#### [Activity]
From the line containing "Eiskunstlaufkleid Damen Mädchen" down to the final line of the entries below, return each line exactly and drop the pictures.

#### [Information given]
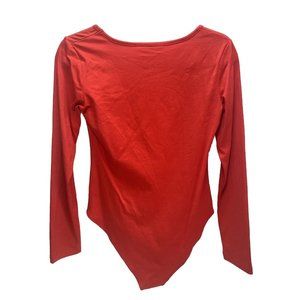 Brand New Women’s Long Sleeve Solid Red Square Neck Bodysuit, Size Medium
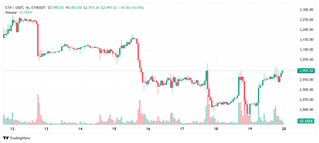 - Breakout plan: A daily close above $3,050 with volume would target $3,300–$3,400 and validate bullish setups. Conversely, sustained closes below $2,950 warn of a drop toward $2,700–$2,800.
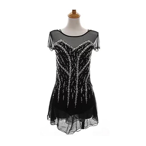 Eiskunstlaufkleid Damen Mädchen Eislaufen Kleid Schwarz Patchwork Offener Rücken Netzstoff Spandex Dehnbar Training Übung Professionell Eiskunstlaufkleidung Thermowarm Kristall / Strass Ärmellos
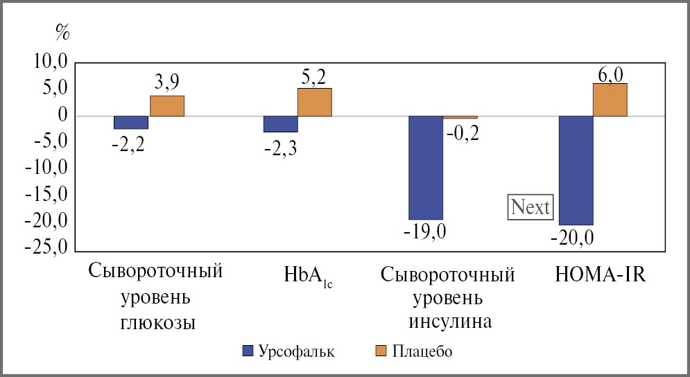 Согласно данным представленного исследования выявлены дополнительные эффекты высоких доз УДХК (дозировка 25–30 мг/кг) при НАСГ. Продемонстрировано улучшение показателей углеводного обмена при СД 2 и нарушении толерантности к глюкозе (рис. 4) [38].
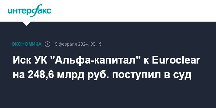 Москва. 19 февраля. INTERFAX.RU - УК "Альфа-капитал" подала в Арбитражный суд Москвы иск к Euroclear Bank на 248,636 млрд рублей, следует из материалов картотеки дел.
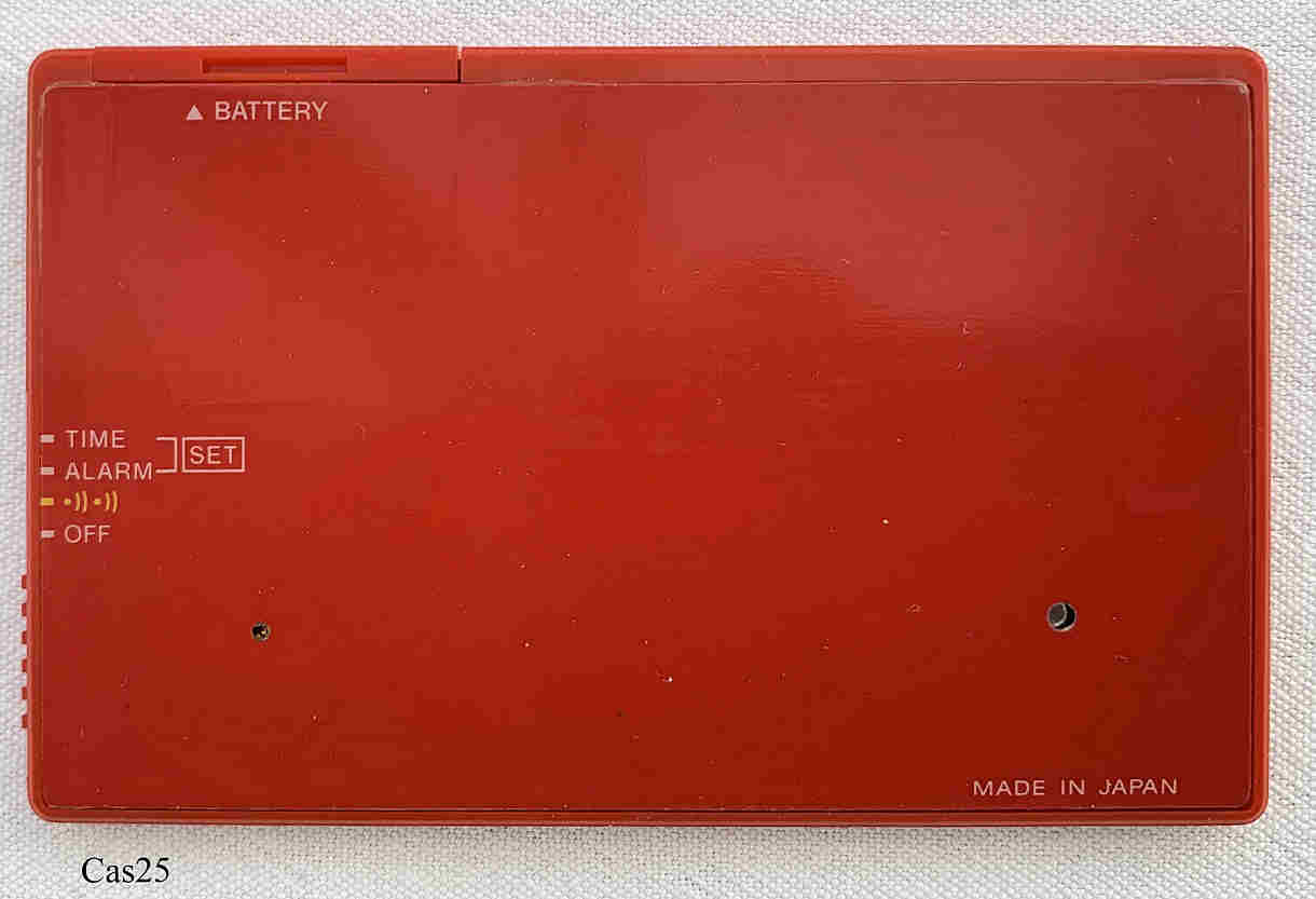 Eine Digitaluhr von Casio mit Wecker in der Form einer Scheckkarte. Kunststoff Gehäuse 3mm dick. Beschriftet vorn: ”Card Clock, Casio, Quartz Alarm CC-100.”, hinten: ”Made in Japan”.

#### [Response to the task]
 Eiskunstlaufkleid Damen Mädchen Eislaufen Kleid Schwarz Patchwork Offener Rücken Netzstoff Spandex Dehnbar Training Übung Professionell Eiskunstlaufkleidung Thermowarm Kristall / Strass Ärmellos
 Согласно данным представленного исследования выявлены дополнительные эффекты высоких доз УДХК (дозировка 25–30 мг/кг) при НАСГ. Продемонстрировано улучшение показателей углеводного обмена при СД 2 и нарушении толерантности к глюкозе (рис. 4) [38].
 Москва. 19 февраля. INTERFAX.RU - УК "Альфа-капитал" подала в Арбитражный суд Москвы иск к Euroclear Bank на 248,636 млрд рублей, следует из материалов картотеки дел.
 Eine Digitaluhr von Casio mit Wecker in der Form einer Scheckkarte. Kunststoff Gehäuse 3mm dick. Beschriftet vorn: ”Card Clock, Casio, Quartz Alarm CC-100.”, hinten: ”Made in Japan”.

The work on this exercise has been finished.